Detroit's current strong mayor system dates from the city's 1824 charter. From 1824 to 1857, mayors were elected to terms of one year; from 1858 to 1953 the term was increased to two years, and after 1953 mayoral terms were four years.

Early French and British leadership
During the early part of Detroit's existence, local authority was vested in French and British military commandants.  French commandants included:
 Antoine de la Mothe Cadillac (1701 – 1710)
 François de la Forêt (1710 - 1714)
 Jacques-Charles Renaud Dubuisson (1714)
 Pierre Alphonse de Tonty (1717 - 1727)
 Jean Baptist de St. Ours, Sieur Deschaillons (1728 - 1729)
 Louis Henry Deschamps, Sieur de Boishebert (1730 - 1733)
 Ives Jacques Hugues Pean, Sieur de Livandiere (1733 - 1736)
 Pierre Jacques Payan de Noyan, Sieur de Charvis (1739 - 1742)
 Pierre Joseph Celoron (1742 - 1744)
 Paul Joseph le Moyne, Chevalier de Longueuil (1744 - 1748)
 Pierre Joseph Celoron (second term, 1750 - 1754)
 Jacques Pierre Daneau, Sieur de Muy (1754 - 1758)
 Francois Marie Picote, Sieur de Belestre (1758 - 1760)

Seventeen British commandants led Detroit between 1760 and 1796.
 Major Robert Rogers (1760)
 Captain Donald Campbell (1760 – 1762)
 Major Henry Gladwin (1762 – 1764)
 Colonel John Bradstreet (1764)
 Lieutenant-Colonel John Campbell (1765 – 1766)
 George Turnbull (1766 – 1769)
 Captain James Stephenson (1770 – 1772)
 Captain George Etherington (1772)	
 Major Henry Bassett (1772 – 1774)
 Captain Richard Beringer Lernoult (1774 – 1779)
 Colonel Arent Schuyler de Peyster (1779 – 1784)
 Major William Ancrum (1785 – 1786)
 Thomas Bennett (1786)
 Captain Robert Matthews (1787 – 1788)
 Major Patrick Murray (1788 – 1790)
 Major John Smith (1790 – 1792)
 Colonel Richard England (1792 – 1796)

Early American leadership
When Detroit was turned over to the Americans in 1796, Colonel Jean François Hamtramck was named commander of Detroit, a position he held until his death in 1803.

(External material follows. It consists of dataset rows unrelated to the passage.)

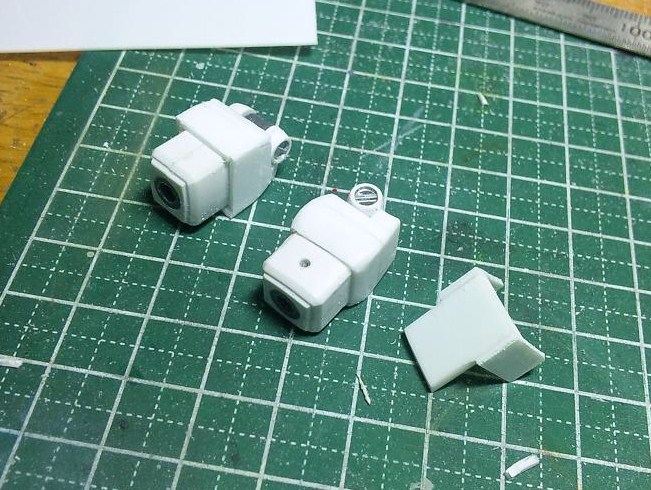 んで、ヘビーガンダムは腕の装甲がヒジ周りが太く手首の方へ向かうにつれて細くすぼまる様な形状なので、当初は新品がもう二つあるプロトタイプから流用しても良かったのですが、今回はジャンクからの流用のみという制約があるので、今回はHGUCガンダムの物をプラ板で思いっきり太らせるだけにとどまりました。
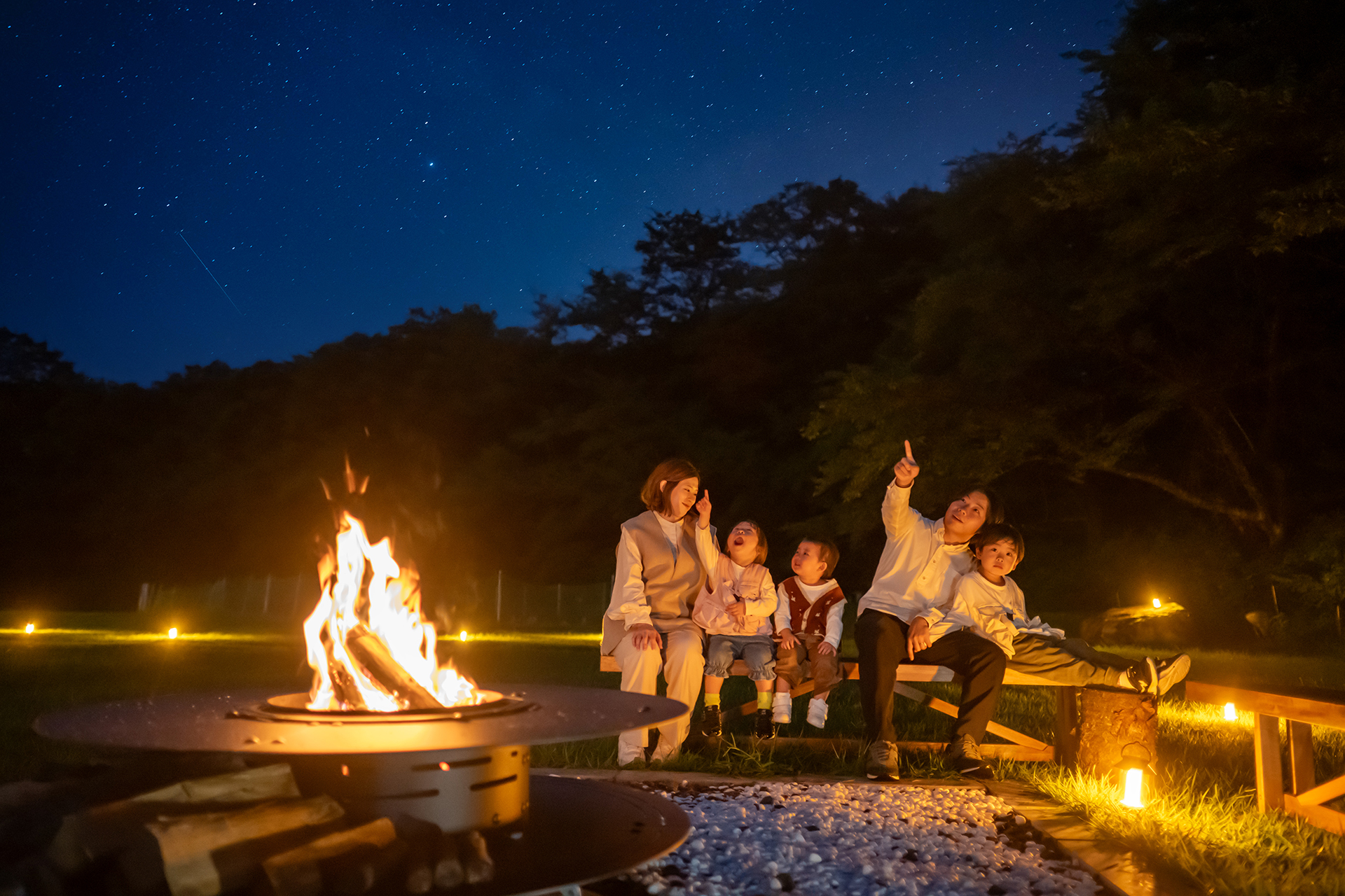 焚き火と満天の星。新設ファイヤーピットを囲み、紅葉が進む高原...
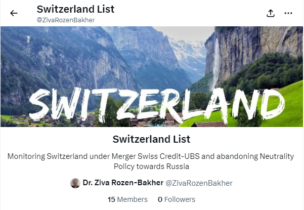 Dr. Ziva Rozen-Bakher’s Switzerland List on Twitter https://www.rozen-bakher.com/twitter-lists/switzerland-list
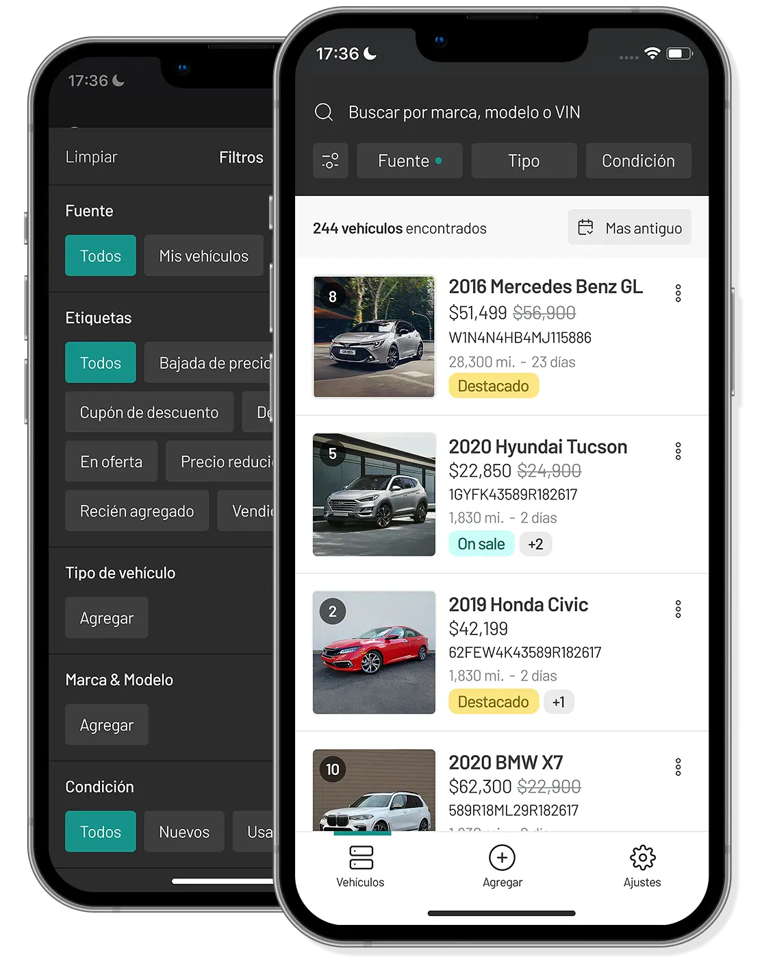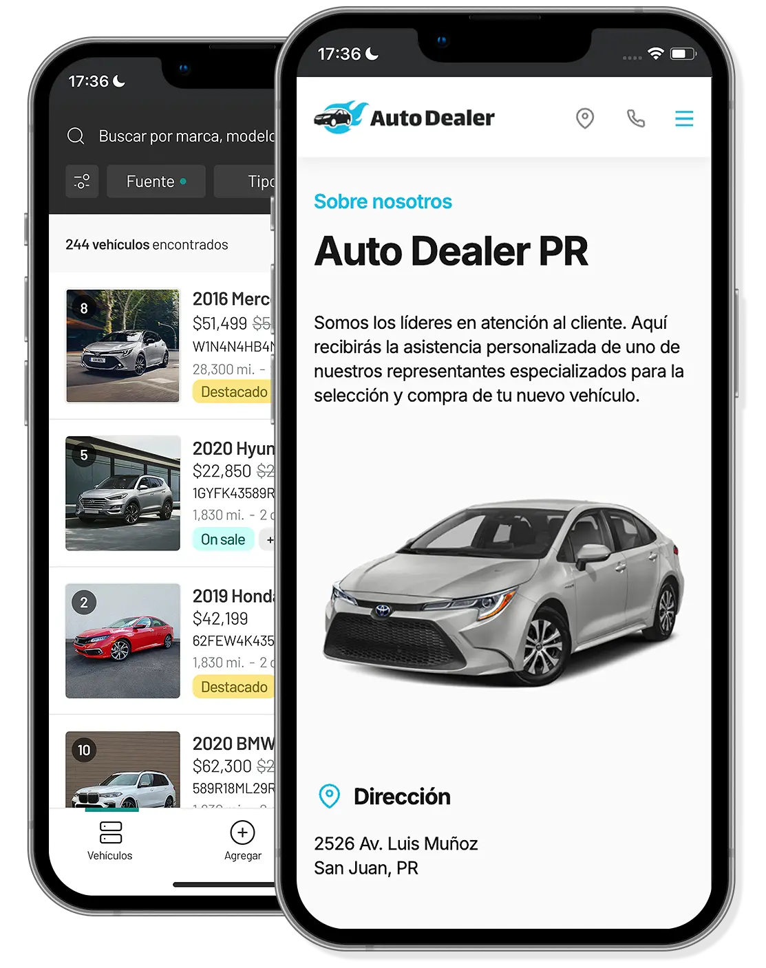 Optimiza la gestión del inventario desde cualquier lugar con una aplicación móvil diseñada para facilitar el día a día de los concesionarios. Actualiza precios e imágenes en tiempo real, captura leads de manera profesional y sin complicaciones, y mantén el control de tu stock las 24/7. Todo desde la palma de tu mano.
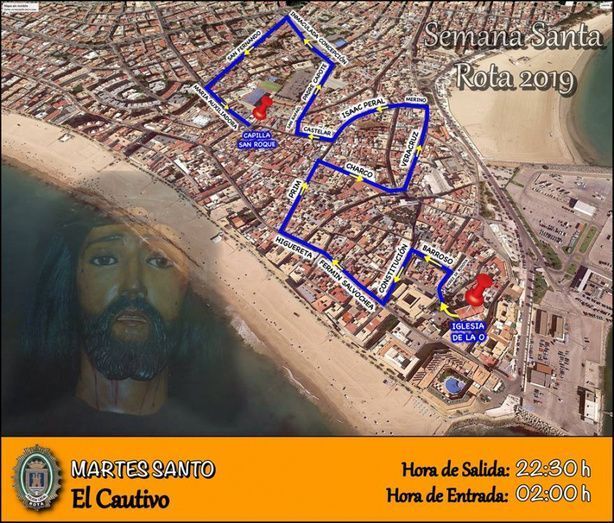 El Martes Santo llega a Rota y con él, la salida de Nuestro Padre Jesús Cautivo que a las 22.30 horas partirá desde la parroquia de Nuestra Señora de la O. Para facilitar la estación de penitencia, y como viene haciendo estos días, la Policía Local indica información de interés para los conductores de cara a este 16 de abril.
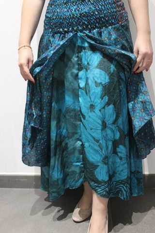Gonna lunga e ampia con cintura in tessuto elasticizzato, avvolta con una lunga balza colore su colore. M26
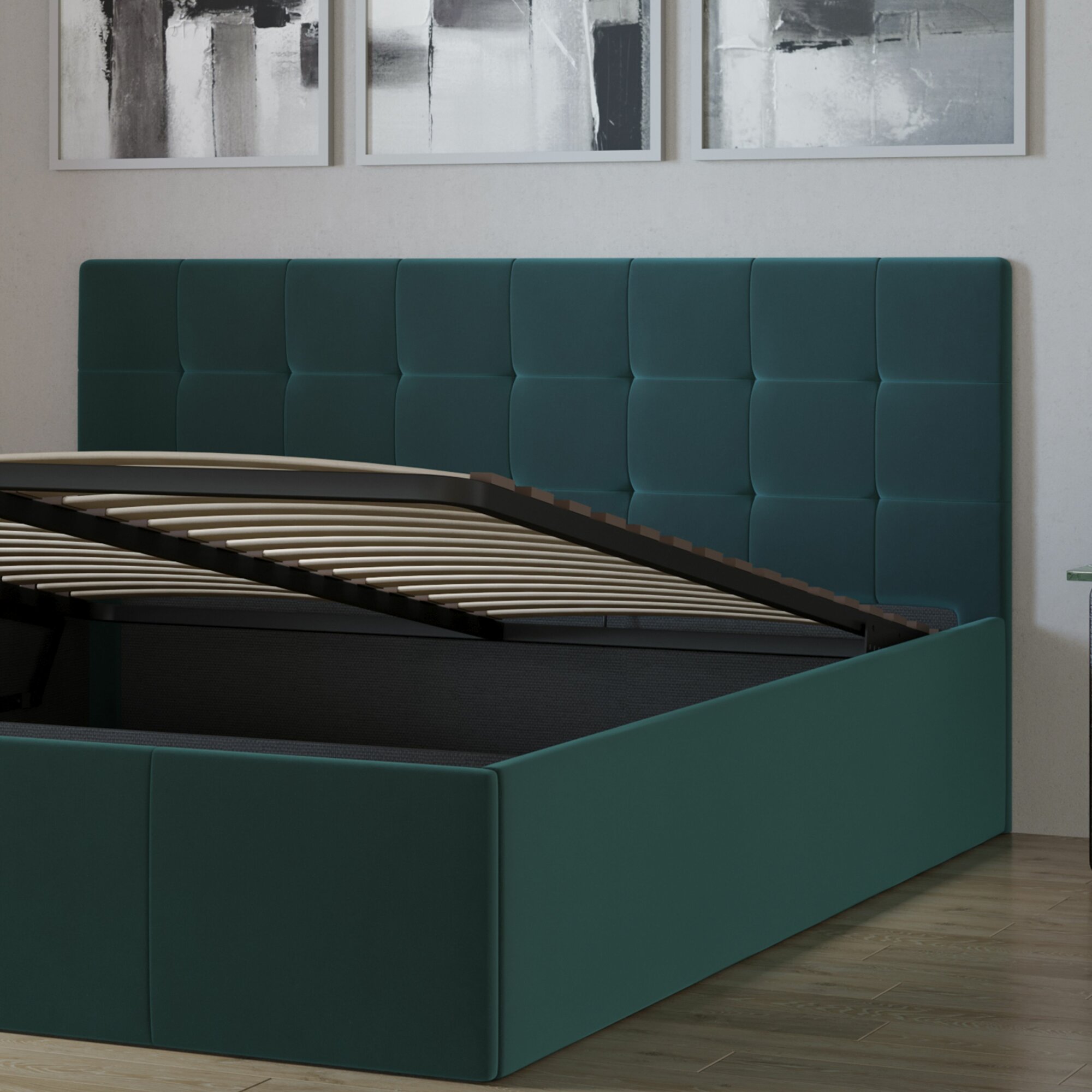Купить Кровать с подъемным механизмом, с мягкой обивкой и заглушиной зеленая 160х200 Эмма (Велюр Confetti Izumrud)
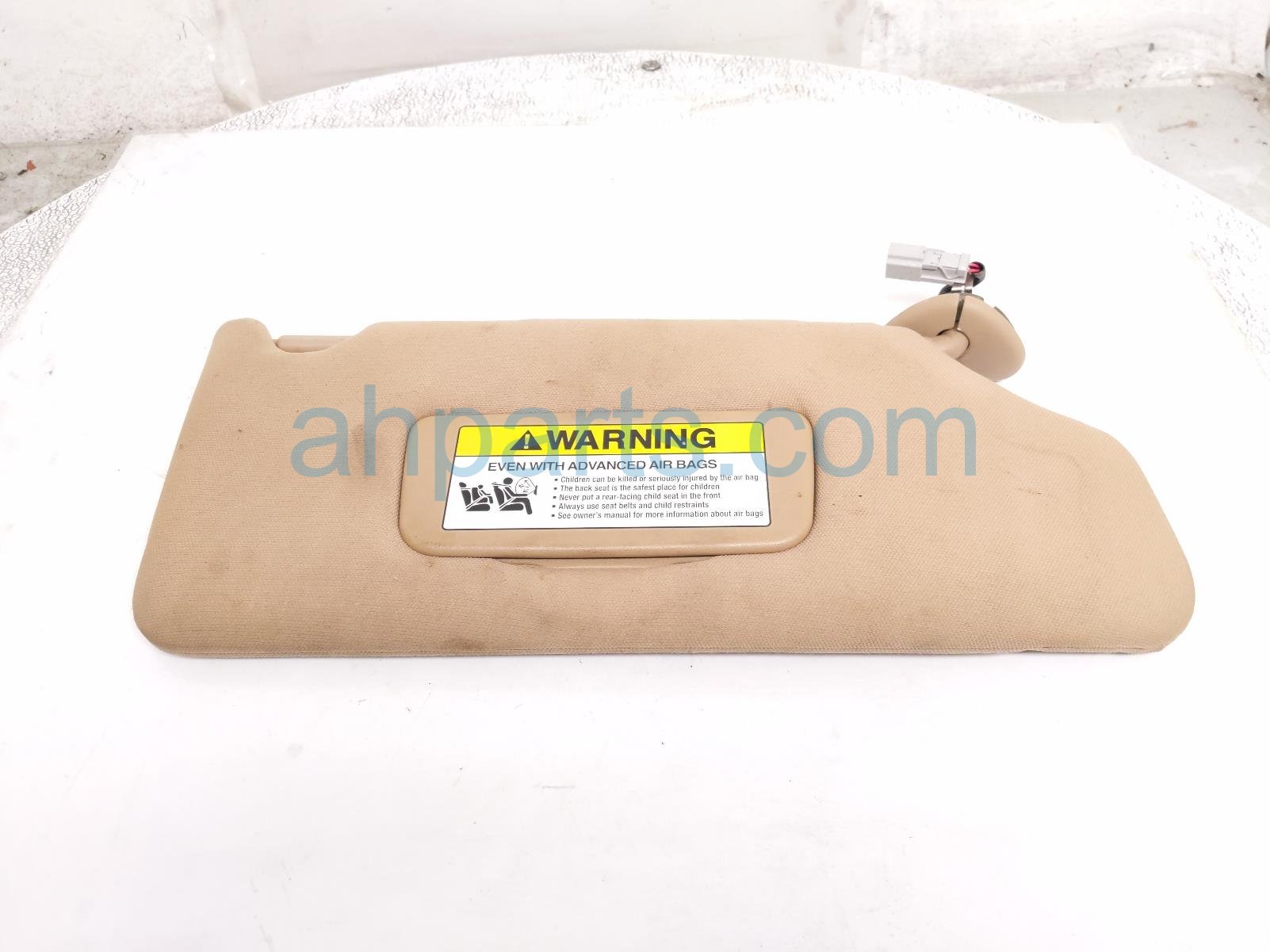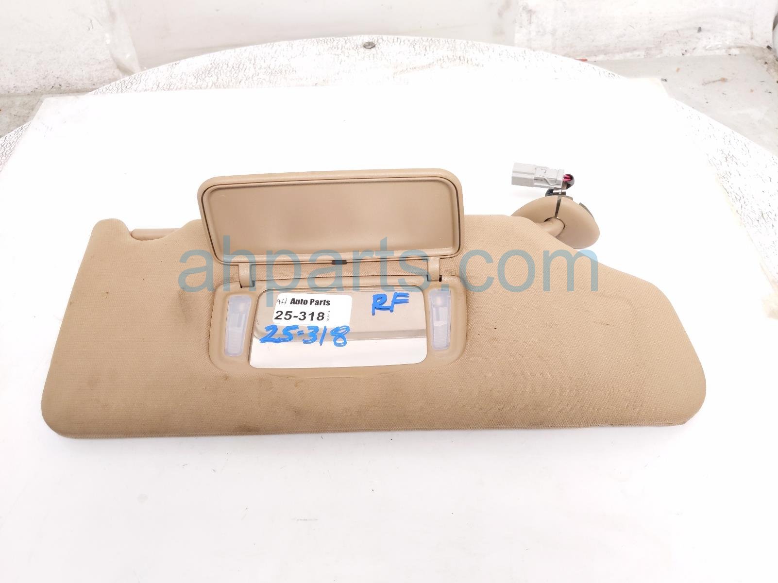 2005 Honda Accord passenger sun visor - tan is a used item with a 1 year warranty. This OEM replacement passenger sun visor - tan is genuine and has part numbers 83230-SDB-A03ZB, and 83230SDBA03ZB. This Honda part is for sale (please call for pricing). This item has the following note: 'Item is a little dirty.'

The first local rule of Detroit was established in 1802, when Detroit was incorporated as a town.  The original incorporation provided for a Board of Trustees to govern the town, the chairman of which was the highest governmental position.  The first chairman of the Board, appointed on February 9, 1802, was James Henry.  Henry was elected to the position later in the year.  Subsequent elections were held in May of each year, with the chairmen of the Board of Trustees being:
 James Henry (1802 – 1803)
 James May (1803 – 1804)
 Solomon Sibley (1804 – 1805) 
 Joseph Wilkinson (elected 1805)

1806 charter
In 1805, a massive fire destroyed the town and effectively eliminated the government.  Governor William Hull and Judge Augustus Woodward dissolved the original incorporation, replacing it in 1806 with a government headed by an appointed mayor.   However, the position was largely honorary, and the two men who held it (Solomon Sibley and Elijah Brush) both quickly resigned upon realizing the lack of power in the office.  The legislation creating this mayoral position was repealed in 1809, after which de facto political power still resided with Hull and Woodward, and Detroit was without either a mayor or Board of Trustees until after the War of 1812.

Second Board of Trustees
After the war, a legislative act in 1815 ended the interregnum and returned political control to the citizens of Detroit through a Board of Trustees, elected yearly.  In October of that year, Solomon Sibley was elected as the first chair.  The chairs elected yearly  to this Board included:
 Solomon Sibley (1815 – 1816)
 George McDougall (1816 – 1817)
 Abraham Edwards (1817 – 1818)
 John R. Williams (1818 – 1819)
 James McCloskey (1819 – 1820)
 James Abbott (1820 – 1821)
 Andrew G. Whitney (1821 – 1822)
 James Abbott (second term, 1823 – 1824)
 Andrew G. Whitney (second term, 1822 – 1823)

1824 charter
In 1824, John R. Williams drew up a new city charter that provided for the first time for a directly elected mayor, with significantly increased executive powers. Following approval by the state legislature, Williams became the City of Detroit's first elected mayor.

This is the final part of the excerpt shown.